Zaczęło się od starcia z GKS-em Katowice. Niebiesko-czerwoni przegrywali w nim do przerwy 0:1, ale w ostatniej minucie regulaminowego czasu gry zdobyli zwycięską bramkę. Później odrobili dwa gole w Łodzi, wychodząc ze stanu 0:2 na 2:2. Teoretycznie najbliżej porażki byli w Ząbkach. Tam przegrywali z Dolcanem do 81. minuty, by ostatecznie wrócić do Gliwic z kompletem punktów. Piast wynik gonił także w Łęcznej (z 0:1 na 1:1).
W niedzielne popołudnie, w konfrontacji z Podbeskidziem Bielsko-Biała defensywa Piasta znowu dała się zaskoczyć jako pierwsza. Stracona bramka nie podłamała jednak gliwickiej jedenastki i po końcowym gwizdku sędziego, to ona cieszyła się ze zwycięstwa. - Kolejny raz pokazaliśmy charakter. Gramy zawsze do końca. Widać, że jesteśmy dobrze przygotowani do tego sezonu, bo do ostatniej minuty walczymy na pełnych obrotach.
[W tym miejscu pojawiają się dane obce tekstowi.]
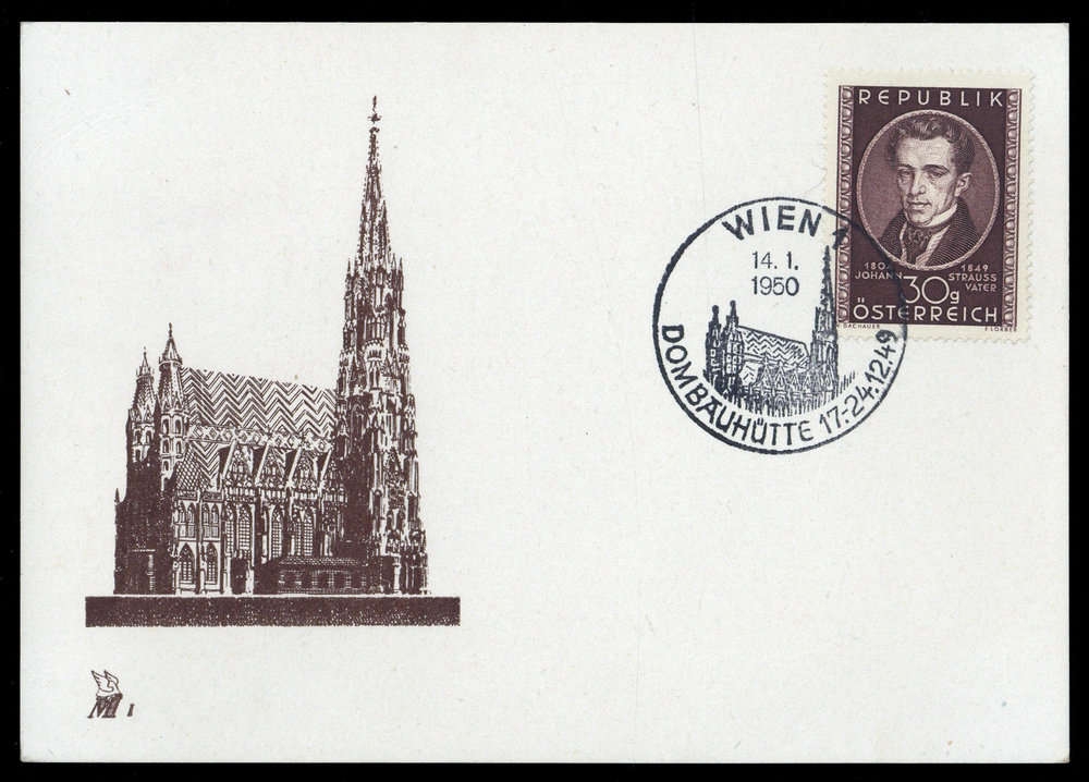 "WIEN 14.1.50 DOMBAUHÜTTE 17.-24.12.1949", SST auf Sonderkarte mit 30 Gr. Strauss
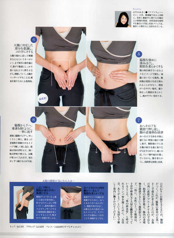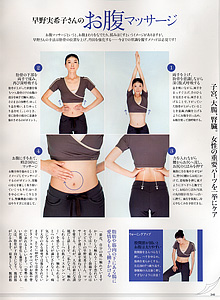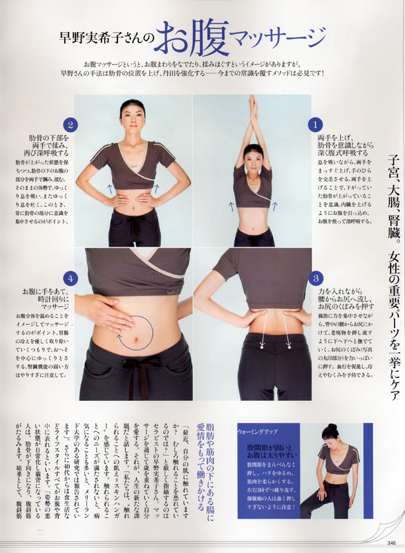 <2009年保存版“美のサプリメント”45歳からのセルフマッサージBOOK>の中で「お腹マッサージ」について早野実希子のメソッドが紹介されました。肋骨の位置を上げ、丹田を強化し、腸内の老廃物を排出する - 今までの常識を覆すメソッドの数々をご紹介しています。子宮、大腸、腎臓。女性の重要なパーツを一挙にケアする画期的なメソッドです。是非ご参考になさってください。 (P.348〜P.349に掲載)
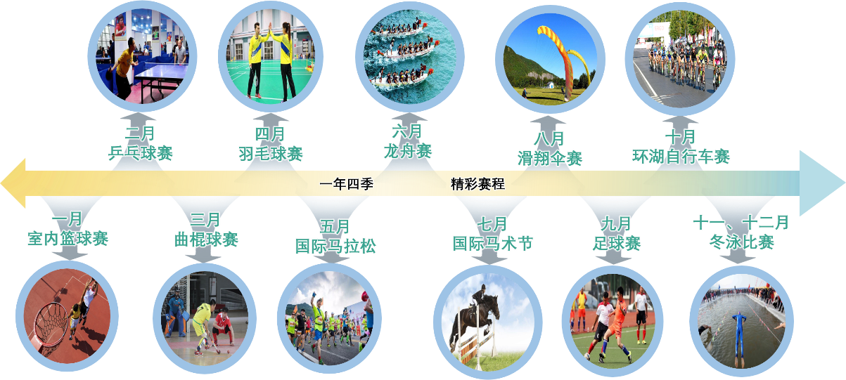 2.4.運(yùn)動賽事:結(jié)合國家加快發(fā)展健身休閑產(chǎn)業(yè)的指導(dǎo)意見、體育運(yùn)動名錄及小鎮(zhèn)建設(shè),打造灰湯體育小鎮(zhèn),布局如足球、馬術(shù)、自行車(東鶩山環(huán)道及環(huán)湖自行車道)、環(huán)湖田徑馬拉松、游泳、賽艇、龍舟賽、擊劍、射箭、射擊(室內(nèi))、太極、廣場舞、攀巖、競走等運(yùn)動項目,結(jié)合各已開發(fā)項目布置全民休閑運(yùn)動項目,打造湖南省賽事運(yùn)動基地。

Myślę, że to zwycięstwo da nam takiego pozytywnego kopa i będzie coraz lepiej - mówił po meczu z Góralami pomocnik niebiesko-czerwonych, Bartosz Iwan.
Postawa piłkarzy Marcina Brosza może się podobać, ale sami piłkarze woleliby unikać tak stresujących sytuacji. - Znowu udowodniliśmy, że potrafimy odwrócić niekorzystne losy spotkania, ale mam nadzieję, że od teraz będzie więcej takich meczów, w których to my pierwsi trafimy do siatki - powiedział Jakub Biskup.
W najbliższy weekend niepokonany Piast zmierzy się w Kluczborku z tamtejszym MKS.